Print the records below exactly, from the line containing "Maglia polo a" down to the line containing "据魔镜数据,2022年中国乳", both lines included, and omit every picture.

**THE DATA:**
****************************************
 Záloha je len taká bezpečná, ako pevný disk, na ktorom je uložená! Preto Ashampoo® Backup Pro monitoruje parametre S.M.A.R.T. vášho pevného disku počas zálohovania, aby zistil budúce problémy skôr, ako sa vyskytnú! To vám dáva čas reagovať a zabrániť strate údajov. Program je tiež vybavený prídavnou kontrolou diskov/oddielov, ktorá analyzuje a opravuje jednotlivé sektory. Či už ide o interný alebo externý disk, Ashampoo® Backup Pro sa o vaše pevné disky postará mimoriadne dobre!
****************************************
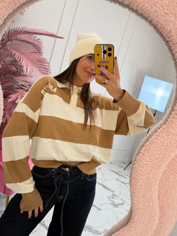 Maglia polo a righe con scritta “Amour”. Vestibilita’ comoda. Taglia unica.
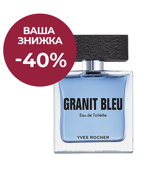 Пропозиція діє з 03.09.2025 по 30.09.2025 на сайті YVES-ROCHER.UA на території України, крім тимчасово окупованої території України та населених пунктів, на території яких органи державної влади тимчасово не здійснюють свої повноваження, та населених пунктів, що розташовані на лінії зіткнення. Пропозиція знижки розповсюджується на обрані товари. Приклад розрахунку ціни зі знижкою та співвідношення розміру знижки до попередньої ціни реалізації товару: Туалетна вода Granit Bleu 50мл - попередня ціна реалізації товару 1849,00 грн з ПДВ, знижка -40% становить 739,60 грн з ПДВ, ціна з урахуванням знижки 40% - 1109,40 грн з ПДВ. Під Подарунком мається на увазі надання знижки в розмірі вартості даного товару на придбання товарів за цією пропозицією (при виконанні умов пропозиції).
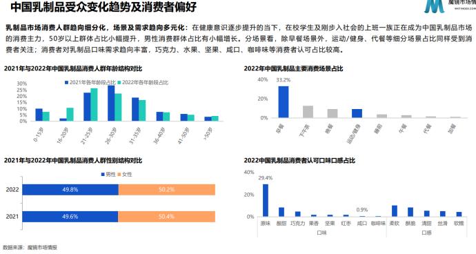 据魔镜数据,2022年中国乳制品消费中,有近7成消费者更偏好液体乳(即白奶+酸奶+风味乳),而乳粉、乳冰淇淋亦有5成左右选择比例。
****************************************
**OUTPUT BELOW:**
 Maglia polo a righe con scritta “Amour”. Vestibilita’ comoda. Taglia unica.
 Пропозиція діє з 03.09.2025 по 30.09.2025 на сайті YVES-ROCHER.UA на території України, крім тимчасово окупованої території України та населених пунктів, на території яких органи державної влади тимчасово не здійснюють свої повноваження, та населених пунктів, що розташовані на лінії зіткнення. Пропозиція знижки розповсюджується на обрані товари. Приклад розрахунку ціни зі знижкою та співвідношення розміру знижки до попередньої ціни реалізації товару: Туалетна вода Granit Bleu 50мл - попередня ціна реалізації товару 1849,00 грн з ПДВ, знижка -40% становить 739,60 грн з ПДВ, ціна з урахуванням знижки 40% - 1109,40 грн з ПДВ. Під Подарунком мається на увазі надання знижки в розмірі вартості даного товару на придбання товарів за цією пропозицією (при виконанні умов пропозиції).
 据魔镜数据,2022年中国乳制品消费中,有近7成消费者更偏好液体乳(即白奶+酸奶+风味乳),而乳粉、乳冰淇淋亦有5成左右选择比例。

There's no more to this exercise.